Também na voz dessa cantora carioca faz a sua saudação a outros bambas em "Tô Chegando, Já Cheguei", ele que, em 1950, aos 20 anos, adentrou pela primeira vez, para ficar até a morte, o terreiro portelense, egresso, já compositor, do bloco Unidos da Tamarineira, de Oswaldo Cruz. Conhecendo na nova agremiação Candeia e Waldir 59, nela integraria com eles um setor famoso no desfile de carnaval, a Ala dos Impossíveis (a primeira a surgir com coreografia), que lhes possibilitou, em meados dos anos 50, no clube High Life, na Glória, apresentação com as orquestras de Severino Araújo e Cipó. Em 1957, saborearam, juntos, o prazer de ver a azul e branco atravessar a passarela levando no gogó o belo "lençol" (samba descritivo e longo) que fizeram para o enredo "Legados de D. João VI", gravado naquele mesmo ano pela Sinter em "A Vitoriosa Escola de Samba Portela", um pioneiro elepê da escola.
Ainda com Candeia e mais Casquinha, Casemiro, Arlindo, Jorge do Violão e Davi do Pandeiro, formou, em princípios dos anos 60, quando de revitalização do chamado samba de raiz, o grupo Mensageiros do Samba. Uma bolacha da Philips foi a única, então, dessa experiência conjunta a girar no prato da vitrola, consequência que, infelizmente, não viria de outra formação, de 1966: o Trio ABC (foto abaixo), da mesma Portela, em que Picolino teve como parceiros de canto, composição e ritmo Noca (feirante recém-chegado da Paraíso do Tuiuti e levado por Paulinho da Viola à nova escola) e o multifuncional Colombo (peixeiro, guarda portuário, cantor de gafieira, técnico em Comunicação e auditor fiscal do INSS ao longo da vida - um baiano falecido em 2004).
Se não chegou ao vinil, o trio teve acesso a programas de grande audiência da nossa tevê, como os de Chacrinha e Flávio Cavalcanti, além de ter realizado shows por todo o país.

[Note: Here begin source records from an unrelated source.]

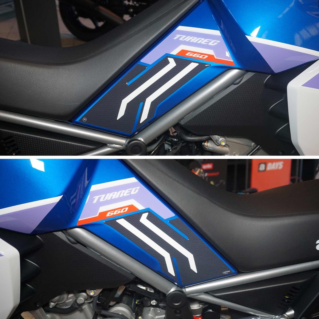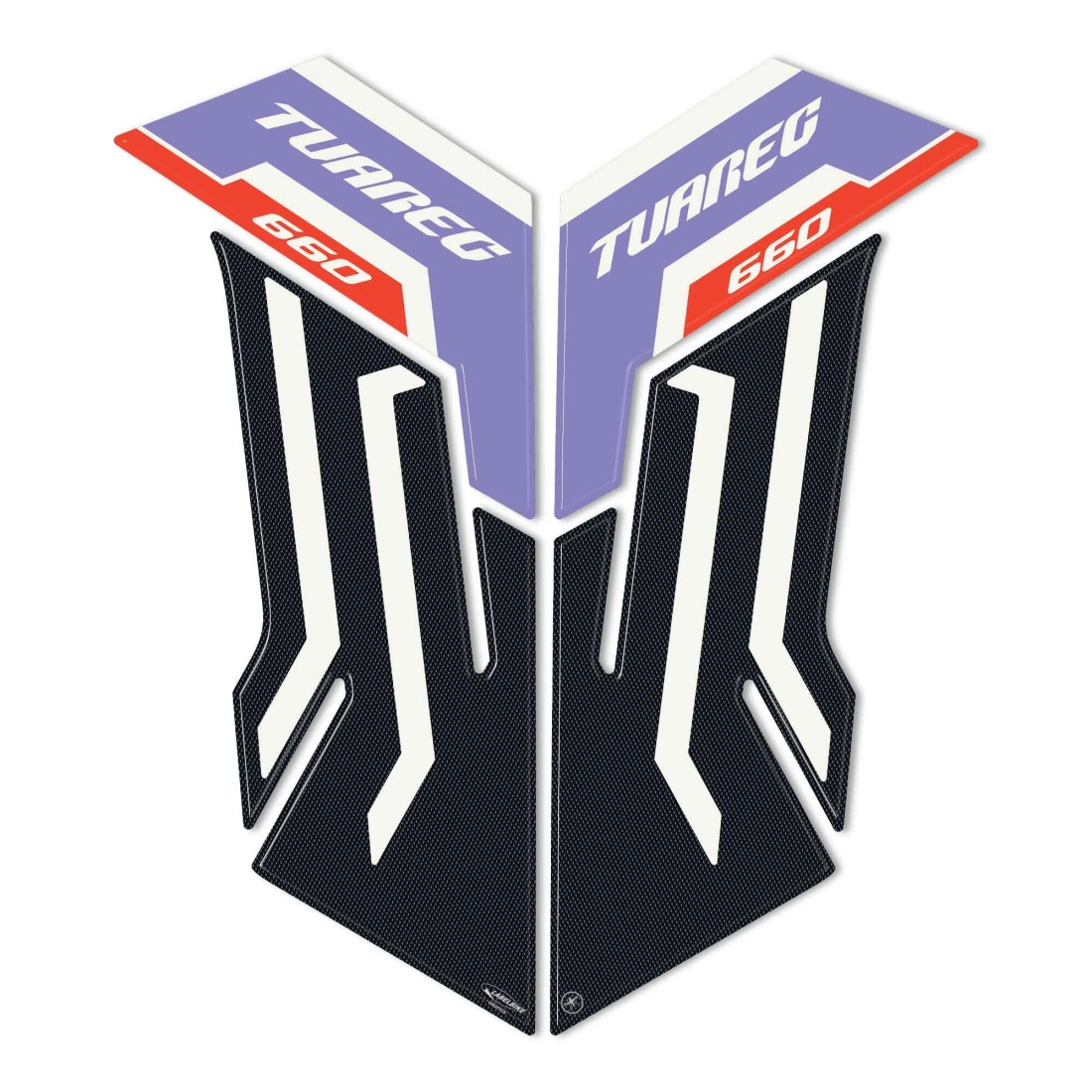 Harz-Klebeschutz für den Seitentankbereich des Motorrads Aprilia Tuareg 660 2022-23. Zwei 3D-Harz-Gel-Aufkleber Exklusiv - Labelbike®. Tank-Seitenaufkleber HERGESTELLT IN ITALIEN aus Harz mit 3D-Effekt. Grafiken, die der Indigo Tagelmust Färbung mit Schriftzug TUAREG 660.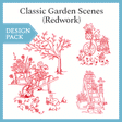 Classic Garden Scene - Wheelbarrow (Redwork)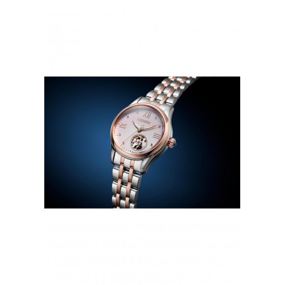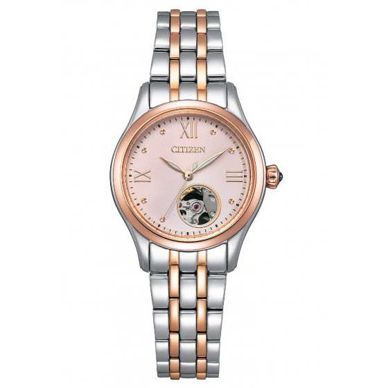 • CITIZEN 星辰 PR1044-87X 光動能 藍寶石玻璃 銀X玫瑰金 優雅鏤空機械腕錶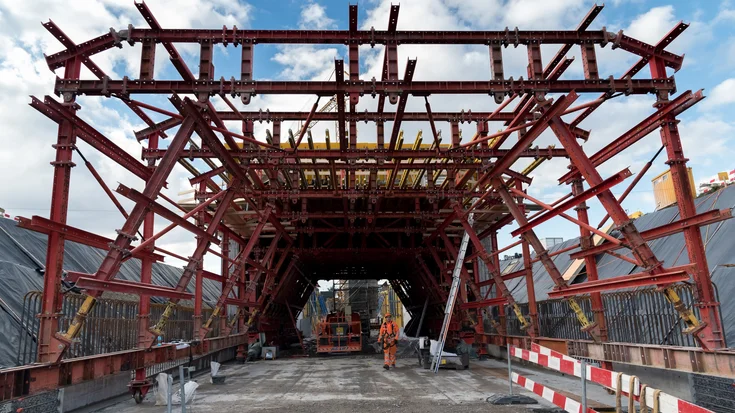 The tunnel’s projecting foundations shored up the formwork carriage in standard profile F. For profiles D and E, the formwork carriage and secondary carriage were separated along the centre. This meant a new, additional support had to be created to shore up both carriage sections. It took one week to convert the formwork carriage and secondary carriage. Steel plates were used for the foundations; these were embedded directly onto the levelled ground in the excavated construction pit. In the curved section, the length of the formwork carriages was reduced by half to make sure that they did not damage the walls when moving on to the next casting stage. Shortening the formwork carriage also took one week. Where the ceiling widens, the ceiling formwork was supplemented using conventional techniques.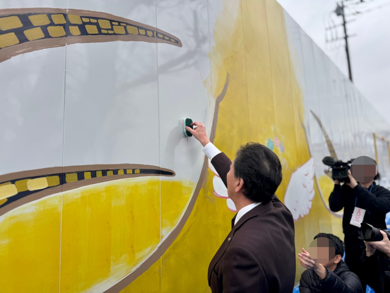 2026年年3月20日、八千代市役所の新庁舎建設現場が、一日限りの巨大なキャンバスに生まれ変わりました 。市内3つの中学校(大和田中、東高津中、萱田中)の美術部員たちが集まり、約54メートルもの真っ白な仮囲いに「桜」を描くアートイベントが開催されたのです。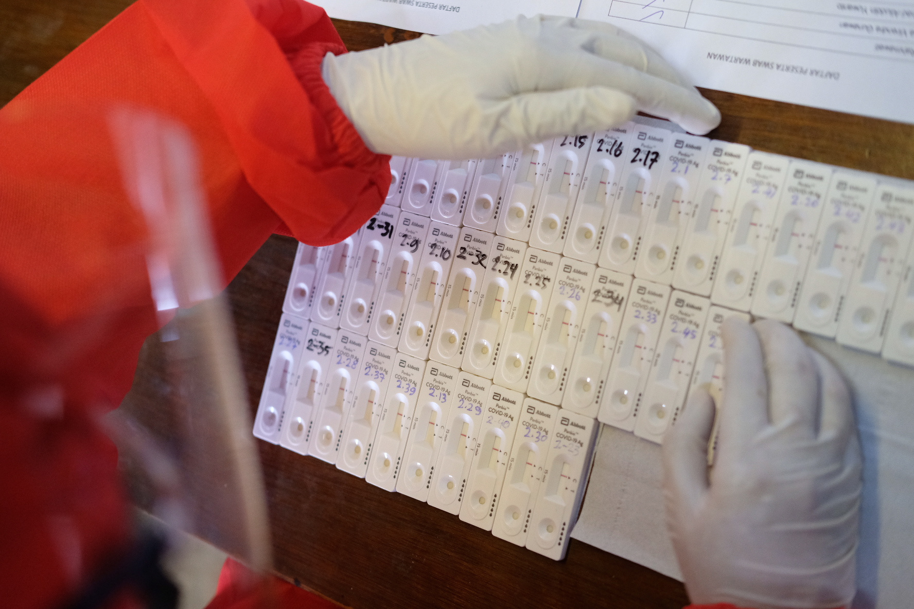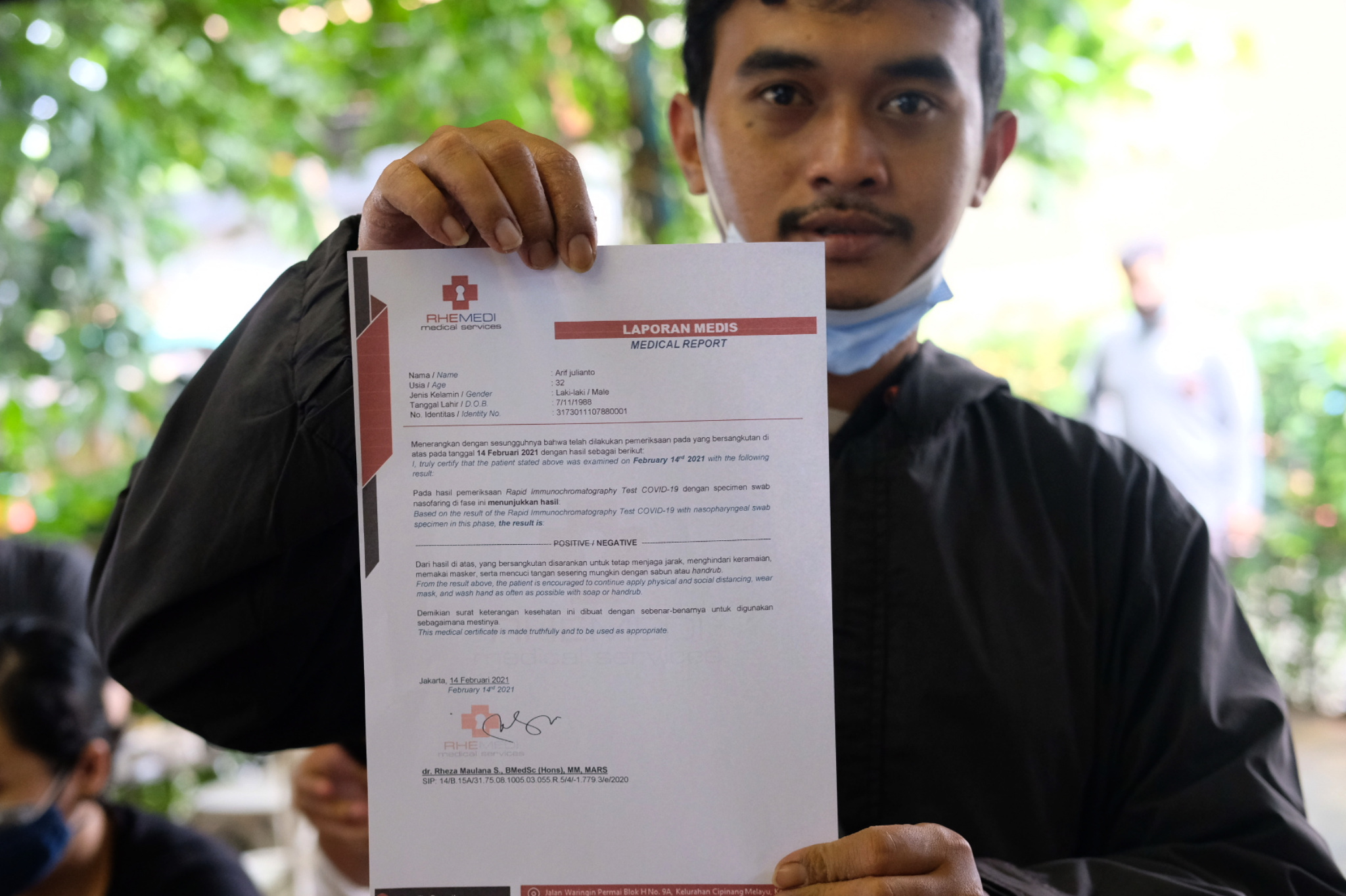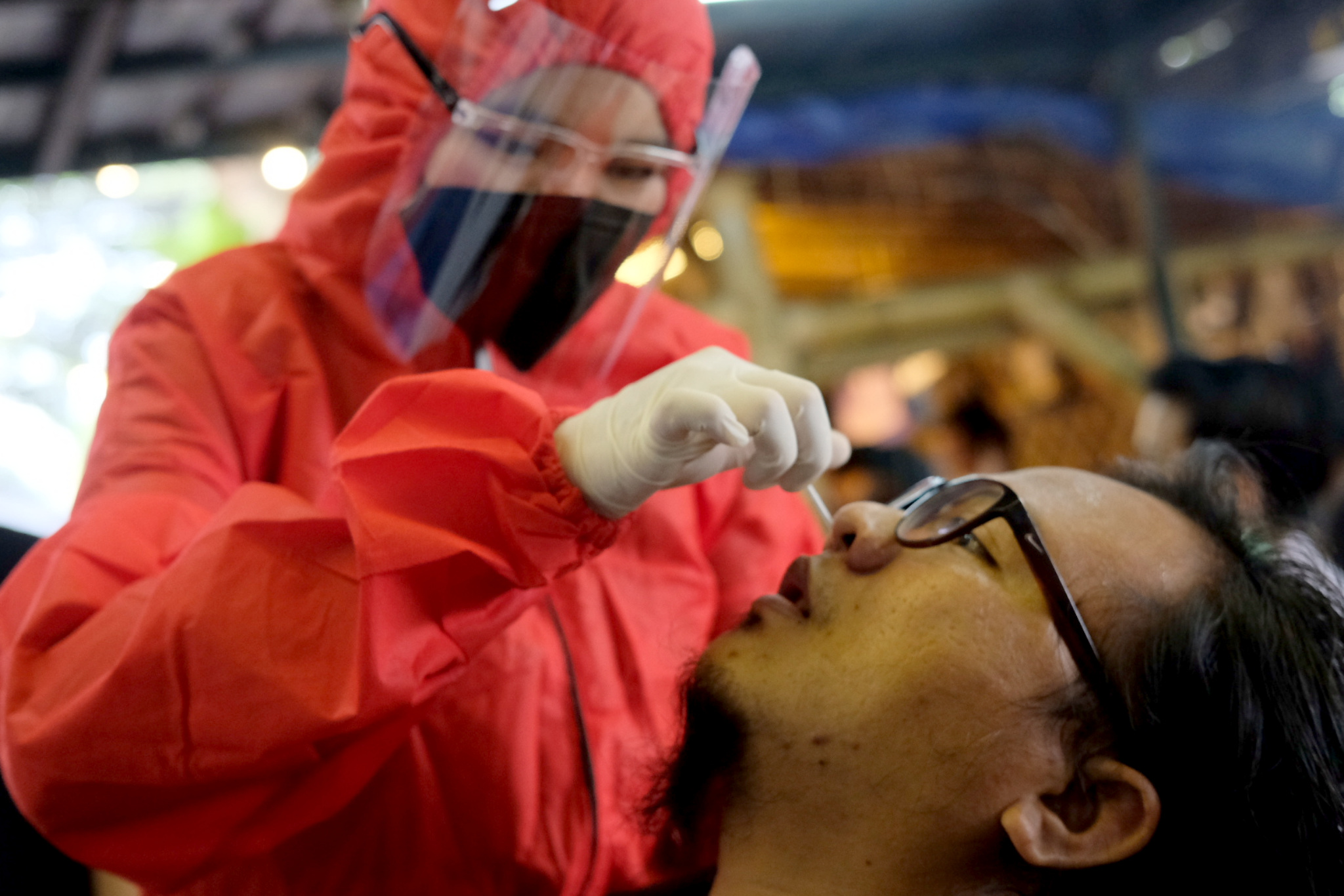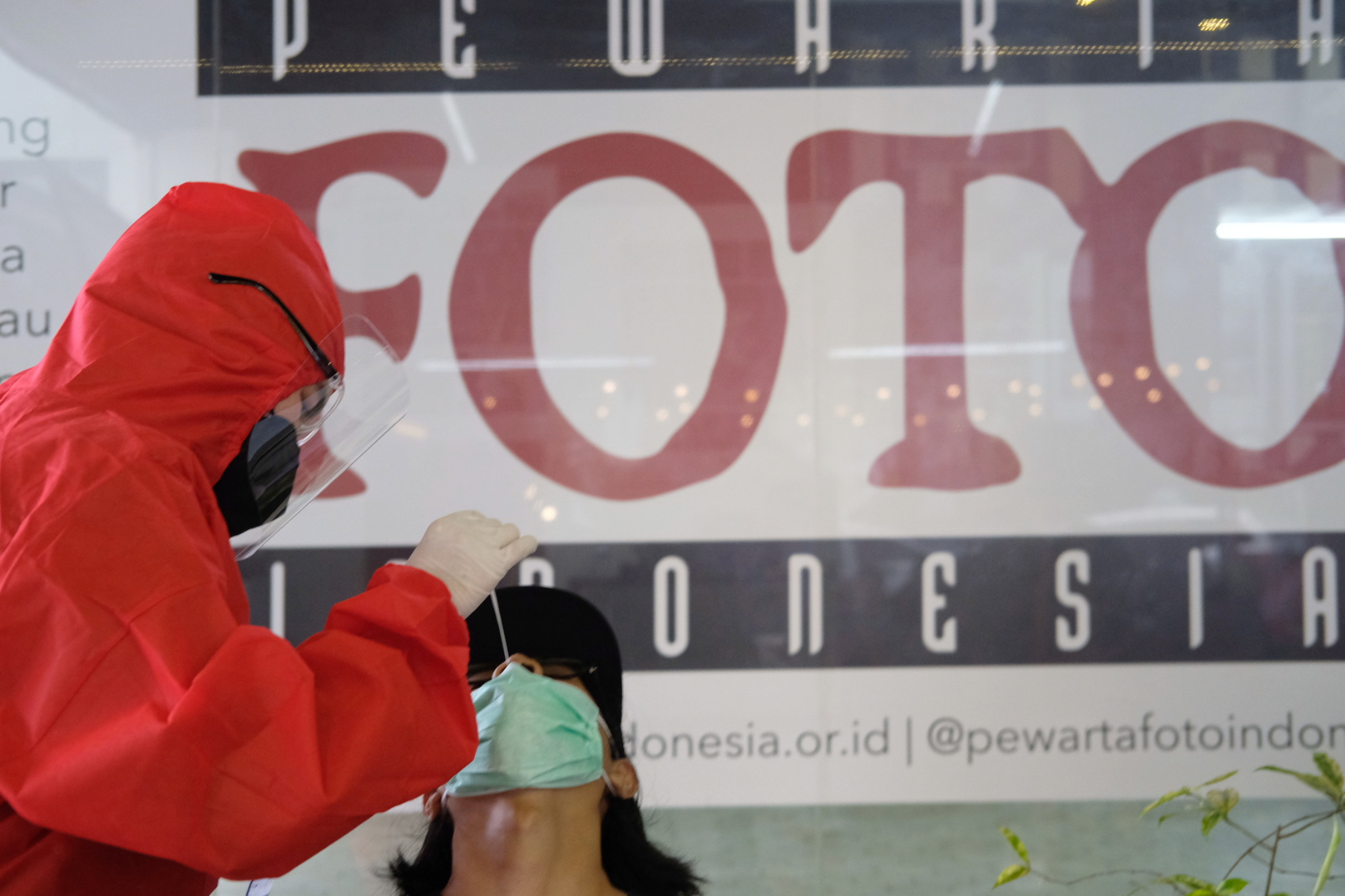 Tenaga kesehatan melakukan tes usap antigen COVID-19 terhadap pewarta foto di Sekretariat Pewarta Foto Indonesia (PFI) Pusat, di kawasan Ampera, Jakarta, Minggu, 14 Februari 2021. Foto: Ismail Pohan/TrenAsia

Em 1967, em festival de músicas de carnaval promovido pela Secretaria de Turismo da então Guanabara e pelo Museu da Imagem e do Som, presidido por Ricardo Cravo Albin, em associação com a TV Excelsior, Picolino, Noca e Colombo obtiveram, na final do Maracanãzinho, a quinta colocação com "Portela Querida" ("Minha Portela querida/és razão da minha própria vida..."). Um samba que ganharia projeção na mídia com a gravação, em compacto simples da Odeon, por sua intérprete no certame, Elza Soares, laureada com o troféu Carmen Miranda, entregue por Aurora Miranda. O coração da cidade, mais uma vez, deixava-se levar pelo rio de beleza musical da Portela, para o qual o afluente Picolino, com suas águas autorais, muito concorreu. Uma saudade que ficou a mais (como ele mesmo cantou em música de Erivaldo Santos e Valentim) e se fixou no firmamento do samba, tornando-se uma outra estrela de Madureira que não se apaga.